Polyols in grape berry: transport and metabolic adjustments as a physiological strategy for water-deficit stress tolerance in grapevine | Plant Gene Seeker -PGS | Scoop.it

Journal of Experimental Botany

Andres Zurita's insight:

Polyols are important metabolites that often function as carbon and energy sources and/or osmoprotective solutes in some plants. In grapevine, and in the grape berry in particular, the molecular aspects of polyol transport and metabolism and their physiological relevance are virtually unknown to date.
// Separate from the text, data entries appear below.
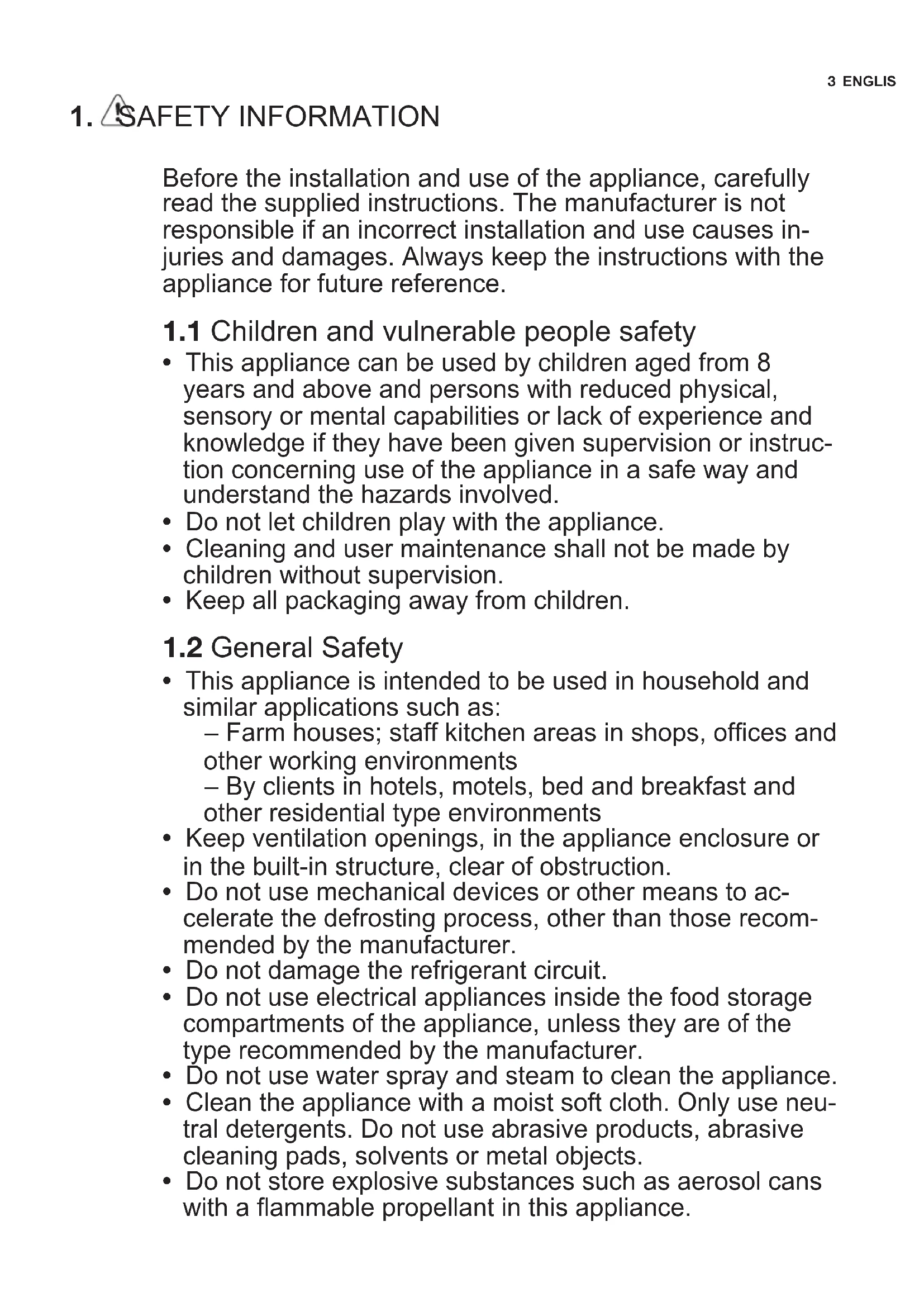 - Keep ventilation openings, in the appliance enclosure or in the built-in structure, clear of obstruction.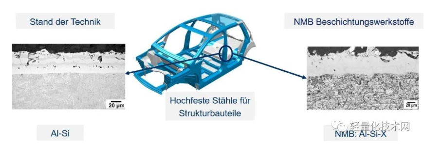 MatKoP项目开发的材料基于对 Al-Si-X 材料的改性,通过改性,高强度金属板的热保护性能和机械保护性能在成型过程中和成品部件中都得到了改善。项目的另一项成果是在涂层材料和涂层工艺方面大大降低了成本。涂有所开发材料的钢板通过热板材成型并成功进行了测试。与现有技术相比,新型保护涂层的开裂现象较少。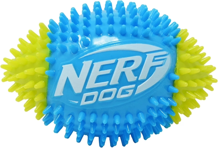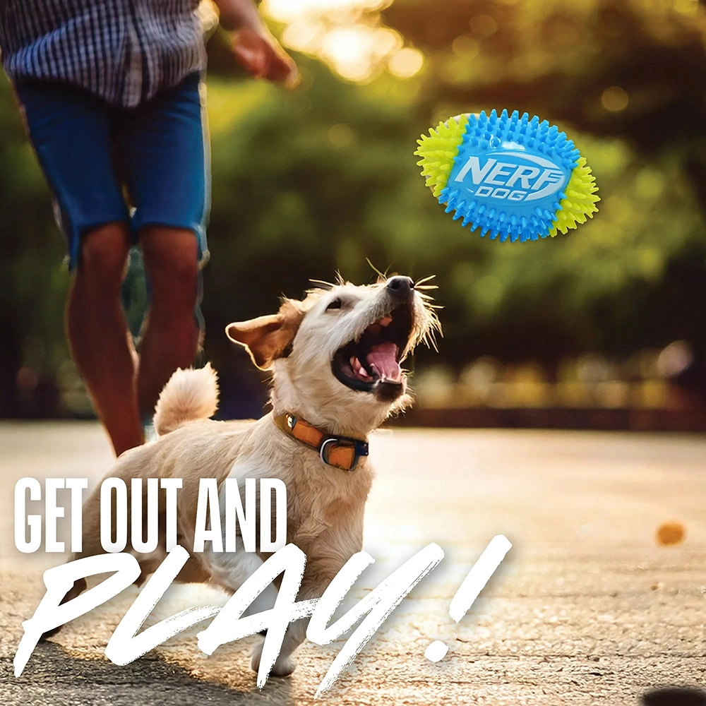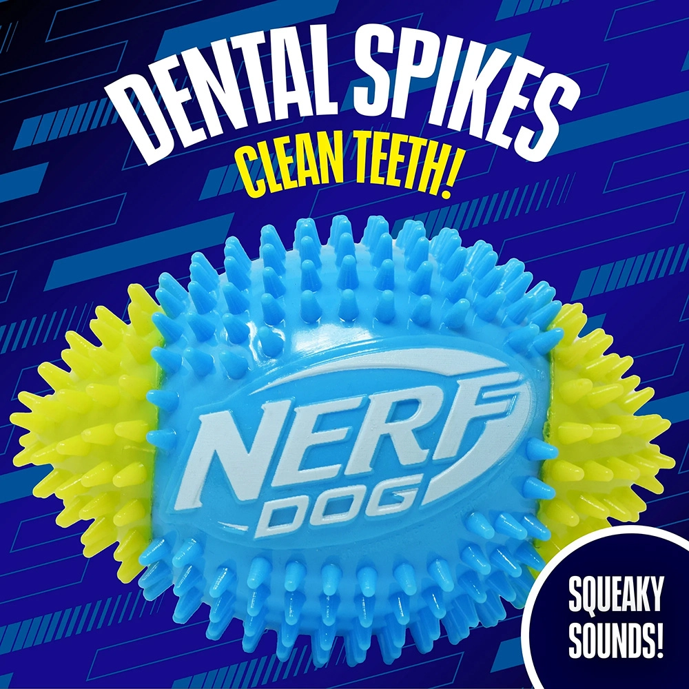 Jucăria Nerf Dog minge de fotbal care piuie cu țepi oferă distracție interactivă dinamică pentru câinii care iubesc mișcarea. Cauciucul termoplastic (TPR) asigură elasticitate, durată de viață îndelungată și grijă pentru dinți. Suprafața texturată cu țepi îmbunătățește priza la aport și, în același timp, susține mestecatul natural și masează gingiile.

Here, the biochemical function of a grapevine fruit mesocarp polyol transporter (VvPLT1) was characterized after its heterologous expression in yeast. This H+-dependent plasma membrane carrier transports mannitol (K m=5.4mM) and sorbitol (K m=9.5mM) over a broad range of polyols and monosaccharides. Water-deficit stress triggered an increase in the expression of VvPLT1 at the fully mature stage, allowing increased polyol uptake into pulp cells. Plant polyol dehydrogenases are oxireductases that reversibly oxidize polyols into monosaccharides. Mannitol catabolism in grape cells (K m=30.1mM mannitol) and mature berry mesocarps (K m=79mM) was, like sorbitol dehydrogenase activity, strongly inhibited (50–75%) by water-deficit stress. Simultaneously, fructose reduction into polyols via mannitol and sorbitol dehydrogenases was stimulated, contributing to their higher intracellular concentrations in water-deficit stress. Accordingly, the concentrations of mannitol, sorbitol, galactinol, myo-inositol, and dulcitol were significantly higher in berry mesocarps from water-deficit-stressed Tempranillo grapevines. Metabolomic profiling of the berry pulp by GC-TOF-MS also revealed many other changes in its composition induced by water deficit. The impact of polyols on grape berry composition and plant response to water deficit stress, via modifications in polyol transport and metabolism, was analysed by integrating metabolomics with transcriptional analysis and biochemical approaches.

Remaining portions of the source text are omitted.